A lightweight scoring function _score_importance() categorizes user messages:

5 = identity/profile facts OR explicit “remember this”
3 = plans/commitments/constraints (“I need to…”, “we should…”, “must…”, etc.)
1 = preferences / durable details
0 = trivial chatter

If score >= 5, the event is force-embedded as an “early memory buffer”.

Master-memory capture heuristics

The auto master-memory hook now listens for general cues about ongoing work so we do not have to wait for a full rolling summary. Phrases like “project”, “learning”, “lesson”, “plan”, “vacation”, “working on”, “projects”, “memory layer”, or “memory specific” are mapped into PROJECTS or LONG_RUNNING_CONTEXT buckets and upserted immediately with metadata. That keeps facts available for cross-thread semantic searches before 12 meaningful turns finish.

LLM-based extractor (v1)

master_memory_extractor.py is a Groq-powered extractor that reads the most recent events for a thread, sends them to the LLM, and parses the JSON array it returns. Each claim is bucketed (projects, long-running context, profile, goals, etc.), written to ltm_master_items, and annotated with evidence (thread/event IDs). The extractor fires whenever a user event looks highly important (importance >=5), so durable facts appear in master memory even before the rolling summary threshold is reached.

Embeddings provider (OpenAI, swappable later)

cortexltm/embeddings.py provides one function:

embed_text(text) -> list[float]

Behavior:

Uses official OpenAI SDK
Defaults to text-embedding-3-small
Hard asserts 1536 dimensions to match DB vector(1536)
Basic safety clamp by characters (no token dependency)

Semantic search over events (pgvector)

search_events_semantic(query, k=5, thread_id=None):

embeds the query
runs pgvector distance search:
- ORDER BY embedding <-> query_embedding
returns a list of hits with distance

Notes:

Only searches events where embedding IS NOT NULL
Optional thread_id filter

Rolling summaries + episodic memory (meaningful-turn based)
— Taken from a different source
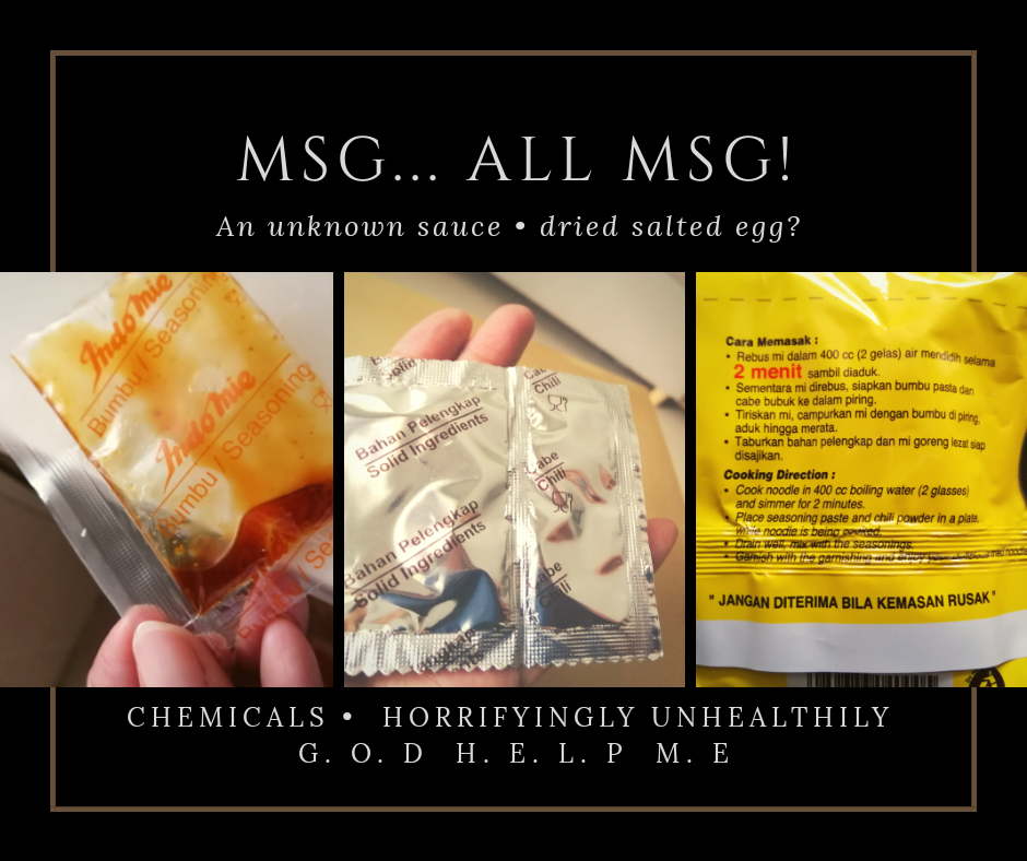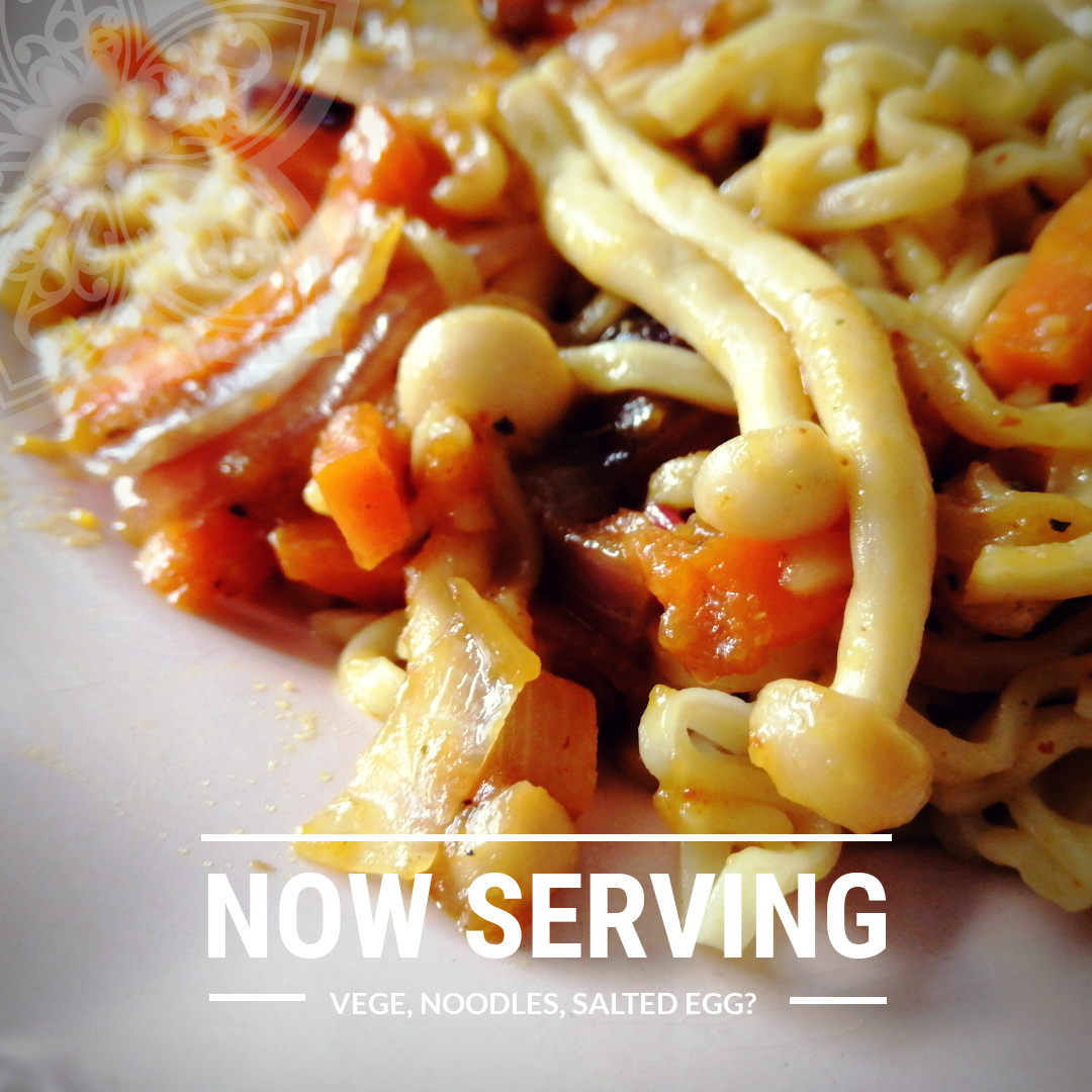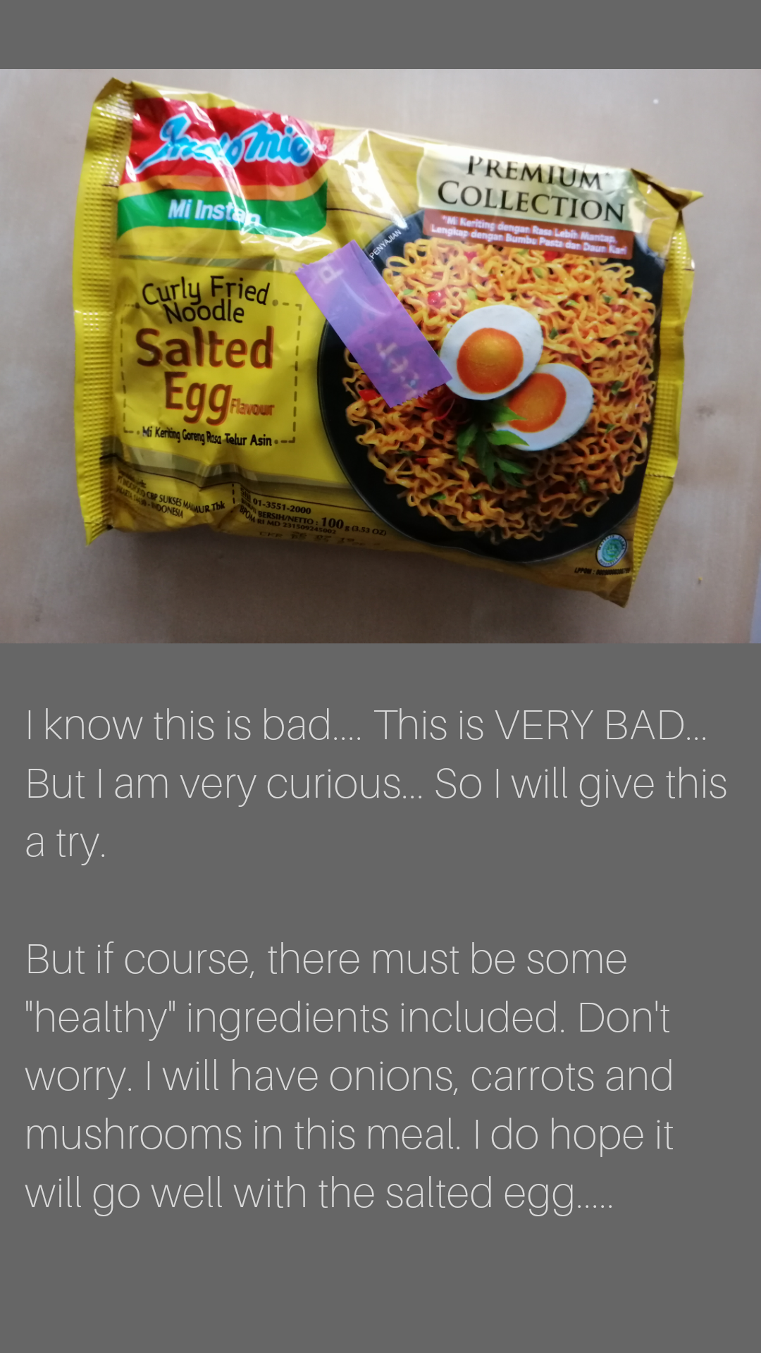 Today is an extremely horrible cheat day for me.  Hahaha... And health activists and vegans would have cringed to see this post. These days even with cheat days I try to stay on the fresh food cooking as much as I can recently, but today I saw something at _Village Grocer_ that stroke my curiosity.  Indomee was once (and actually still is) most Malaysians ultimate quick fix meal, especially for students I remembered during my uni days Malaysians who flew across the seas would bring at least one box of Indomee with them (or Maggie Mee for some and Cintan Mee for others) especially freshmen. This was their _survival food_ until they accustomed to the local food or figured out how to cook something better than instant noodles. Most poorer students would have even asked family to send over or any other countrymen they know who so happened to be travelling over to bring along too, as it was still a lot cheaper than buying instant noodles in their studying country, even though some countries do restrict their "imported items" Come to think of it, adult Malaysians still do that when they first travel abroad to unknown countries too.. Yes, @aaronleang, @joannewong and @elizacheng? 😆 But for this test product... ### Yes... I do have some fresh produce to go along with it.  The disadvantage of only have one stove is that you have to do things sequentially, and so while the noodles were boiling I was getting these ready to be sautéd with butter and nothing else, since there are already MSG flavouring available. At least it gives a nice aroma to it with that extra flavour, and sauté with butter brings allows the vegetables (and fungus) to retain their flavour # then comes the flavourings...  So apparently I have this salty red pack, some "dried salted egg yolk powder" and "chili powder in the aluminium pack with instructions on how to prepare the meal. After the vegetables were sautéd I added the ingredients and mix them up before adding the drained boiled instant noodles. # The taste Honestly there is no where close to an original salted egg paste flavour, but it could pass for first timers who has never tried salted egg yolk before. It isn't all bad and perhaps because I added fresh produce this has lowered the MSG effect that I feel less thirsty after the meal. _yes, most of the time you will feel extremely thirsty because of the MSG_ # Verdict? Honestly if I had other choices of instant noodles / ramen (like Korean samyang) I would have chose those. But it does have a kick of it and for those who are Indomee fans feel free to give it a go. The best part is that Village Grocer Atria actually sells on separate pack at about MYR 1.39, and I find this good because they kill two birds with one stone: satisfy customers' curiosity and at the same time they earn more by selling it separately. ## How about you? Would you be curious enough to try this out? ## Have you encountered other slated egg instant noodles in the market and is worth recommending to try ? If you have tried others before do share your experience at the comment below!  To end this post in case that there is a #cookwithus reference, I have my handle here. Yes. I cooked it, and I ate it. Haha I hope you have enjoyed reading this review as much as I have enjoyed preparing it. # Until Then Posted using [Partiko Android](https://steemit.com/@partiko-android)

cortexltm/summaries.py implements automatic summary updates:

Definitions
- A TURN = user event + the next assistant event (if present)
- A turn is “meaningful” via is_meaningful_turn(user_text, assistant_text)
- When enough meaningful turns accumulate (currently 12), we update/insert a summary row.
Current knobs (v1)
- MEANINGFUL_TARGET = 12 meaningful turns required to summarize
FETCH_LOOKBACK = 120 max events pulled since last summary end
TOPIC_SHIFT_COSINE_MIN = 0.75 threshold to split into a new episode

How it updates

Fetch events since the active summary’s range_end_event_id (by created_at).
Build meaningful turns (user + next assistant).
If meaningful turns < target → do nothing.
Build compact turn lines: USER: ... | ASSISTANT: ...
Produce a candidate summary:
- Preferred: Groq LLM via summarize_update()
- Fallback: heuristic concatenation if LLM fails
Topic shift check:
- Embed prior_summary and candidate
- Compute cosine similarity in pure Python (no numpy)
- If similarity < threshold → archive active summary & insert a new episode
- Else → update the existing active summary

Each summary row stores:

summary text
range_start_event_id, range_end_event_id
meta (why/when it updated)
optional embedding

LLM harness (Groq) for summaries + dev chat

cortexltm/llm.py is currently used for:

summarize_update(prior_summary, turn_lines) — generates concise bullet summary
chat_reply(user_text, context_messages) — dev-friendly chat response

This is a harness for development. Production apps will typically:

Use their own LLM runtime
Call CortexLTM for memory writes + retrieval + summarization policies

CLI dev harness

A simple CLI loop exists to test end-to-end behavior:

Creates a thread (requires a user id)
Logs user events
Generates assistant replies (Groq)
Logs assistant events
Automatically triggers summary updates when assistant messages are written

The CLI now only prepends semantic retrieval hits when _needs_semantic_memory() sees cues such as “recap,” “what was the plan,” or “remember,” and each retrieved block is formatted via _format_retrieved_block() so the LLM sees concise evidence instead of a noisy dump.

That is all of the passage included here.